The double standard that’s being applied when it comes to Sputnik and RT should be clear for all to see, and it’s that the American “deep state” doesn’t tolerate foreigners having an opinion about the US unless they present it on a US-based media platform or on one of Washington’s allies’. Otherwise, as the witch-hunting “logic” now goes, they’re “foreign agents” possibly “spreading propaganda”, and their outlets need to be registered as such with the intimidating “scarlet letter(s)” of FARA if they’re foreign-funded. Even worse, the hysterical zeitgeist has now peaked at such a point that Americans are unable to talk about American-related issues (whether domestic or foreign) on non-American international media outlets publicly funded by a foreign government without potentially having to register as a “foreign agent” in their homelands, whether they still live there or emigrated already.
This is nothing less than state-sponsored intimidation, since Washington is implying that the Americans who work for and comment on these platforms might be “national security threats” because of their supposedly undeclared “foreign agent” status.
If Russia implemented the same media version of FARA that the US is seriously considering and decided to decree that its citizens working for publicly funded American information outlets both in the country and abroad are “foreign agents” that are forced to register with the Kremlin, then the US government would instantly condemn it as state-sponsored intimidation and political oppression, possibly even extending political asylum and an expedited path to citizenship for those said nationals who might be working in the US and are too afraid to ever go home again.

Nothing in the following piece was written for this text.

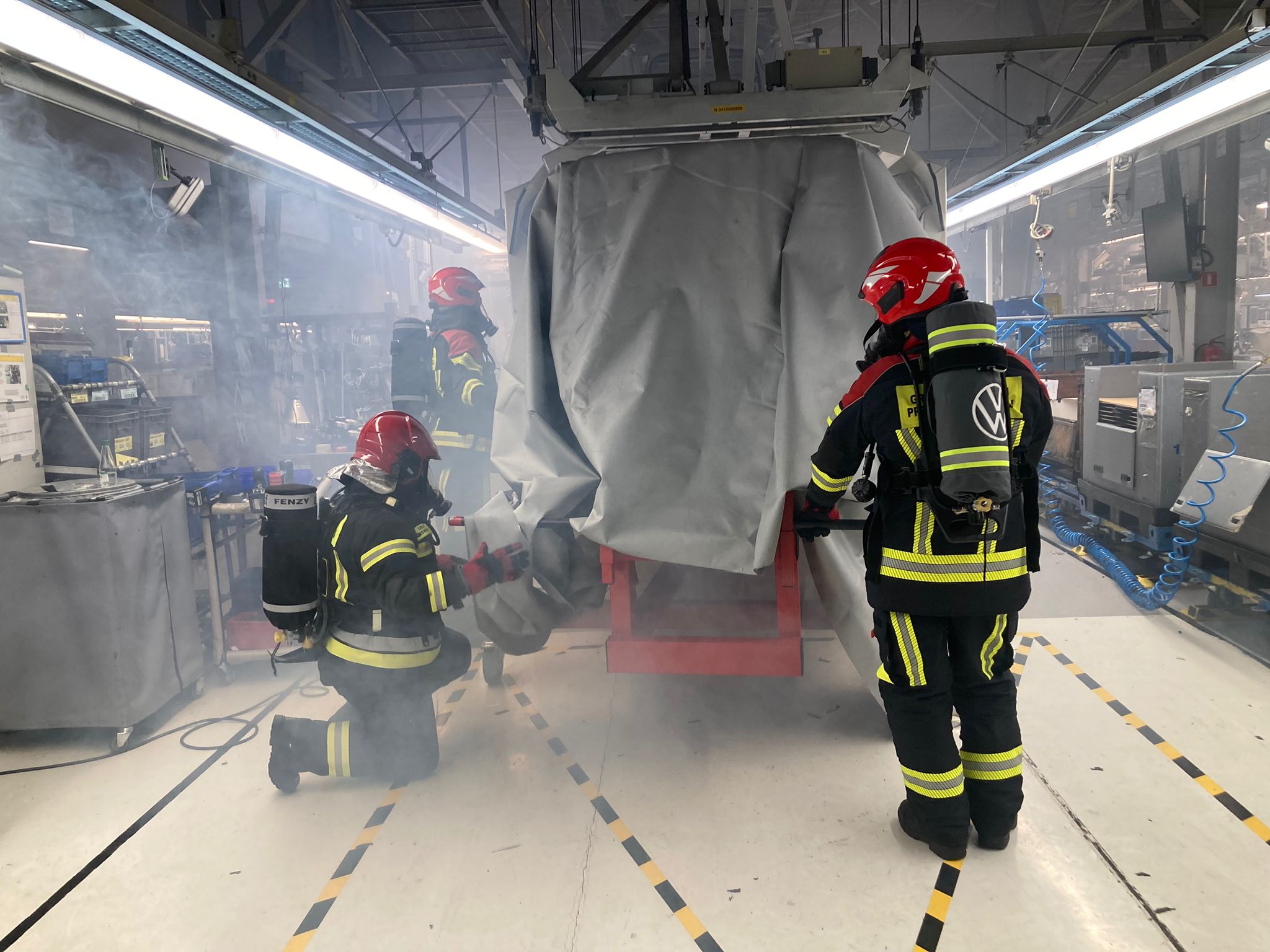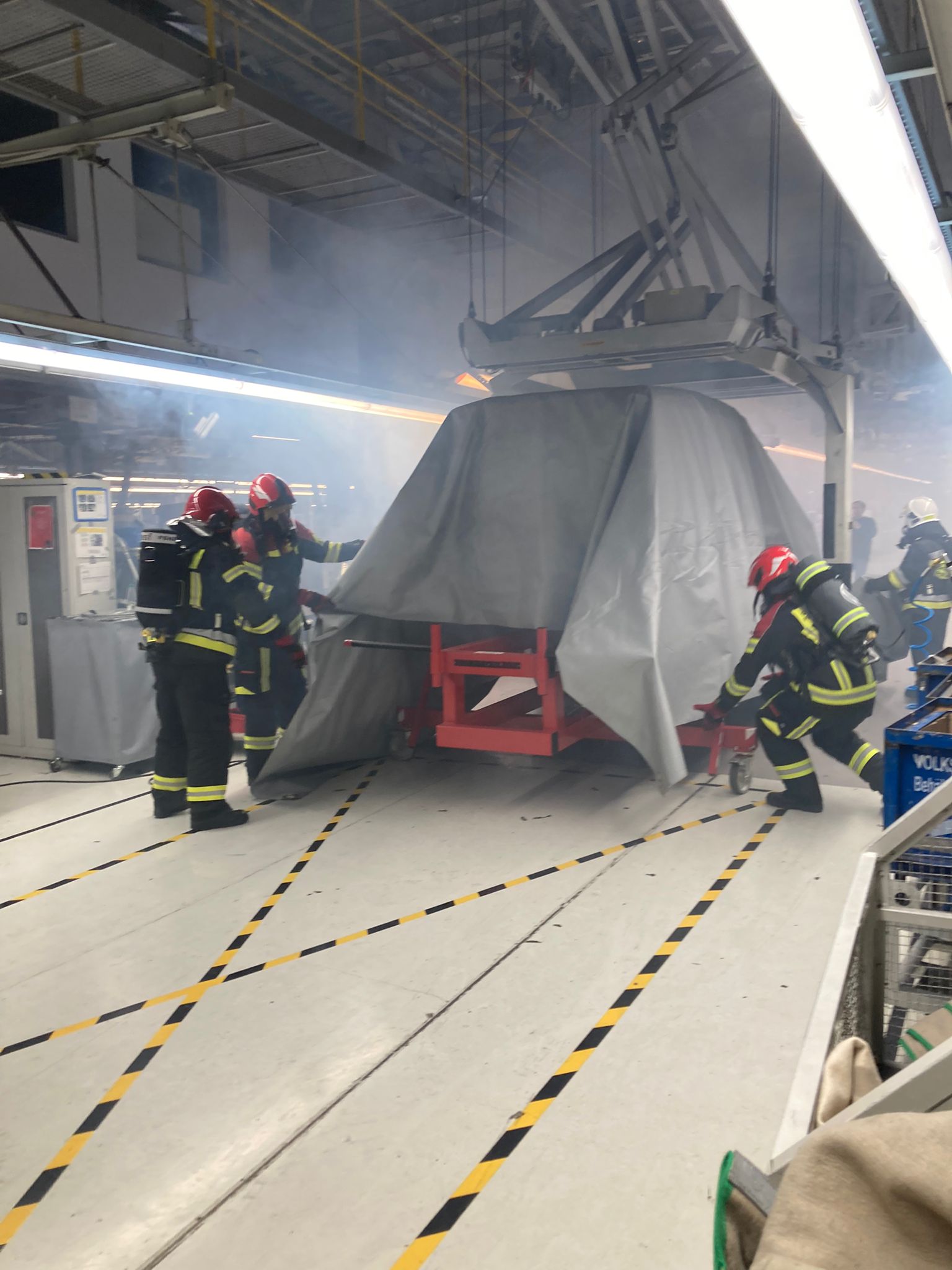 O godzinie 11:00 zasymulowano awarię baterii w samochodzie o napędzie hybrydowym na linii montażowej. W tym czasie do pracownika ochrony dotarł sygnał z systemu sygnalizacji pożarowej o zdarzeniu pożarowym. Sygnał z systemu trafia również do Stanowiska Kierowania Komendanta Miejskiego PSP w Poznaniu. W pierwszej fazie w zakładzie działania polegają na rozpoznaniu zagrożenia przez grupę prewencji VW Poznań według obowiązujących procedur. W tym czasie zaalarmowane zastępy PSP wyjeżdżają do zdarzenia. Jednocześnie odbywa się ewakuacja hali produkcyjnej wg zasad ewakuacji zakładu. Weryfikacją ewakuacji zarządza Grupa Prewencji VW Poznań. Działania grupy prewencji w pierwszej fazie po rozpoznaniu i zakończeniu ewakuacji polegają na próbie usunięcia pojazdu z linii montażowej oraz zakryciu specjalnym kocem gaśniczym w sposób taki, żeby nie dopuścić do rozprzestrzeniania się pożaru. Po przyjeździe na miejsce zdarzenia zastępów PSP kierowanie działaniami przejmuje dowódca przybyły na miejsce pożaru w pierwszym rzucie. W czasie ćwiczeń zasymulowano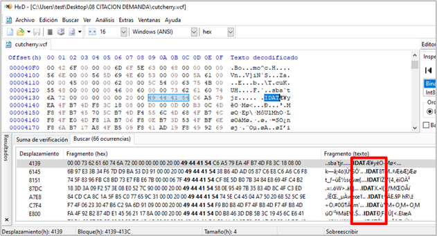 - Descifrado del payload: El archivo que contiene payload de IDATLoader es sencillo de identificar debido a que su técnica de cifrado incluye la palabra “IDAT” para segmentar el contenido; en las campañas analizadas son los artefactos con nombre “cutcherry.vcf”, “aigret.eps” y “maidenhair.cfg”. Cada segmento es descifrado individualmente utilizando la operación de XOR con una llave contenida inmediatamente después del primer flag “IDAT”. Posteriormente, junta todos los segmentos y los descomprime con el algoritmo LZNT1.

Frighteningly, however, it’s not Russians who have to fear the long arm of their government in this respect, but Americans, though it’s “politically incorrect” for anyone to say so.
In the Twilight Zone of the New Cold War, Russia could plausibly – and with full ethical and legal backing behind it –contemplate granting its Russian-based American employees political asylum and potential citizenship because of the state-sponsored intimidation that they might become reasonably subjected to back home just because they decided to “Tell The Untold” and “Question More”.
 If the US government demands that Sputnik and RT employees register as “foreign agents” under FARA but selectively ignores enforcing this new “standard” against other publicly financed international media companies and their employees, then it’s not unrealistic to imagine that Edward Snowden might end up sharing a toast with some fellow American political refugees in Moscow before too long.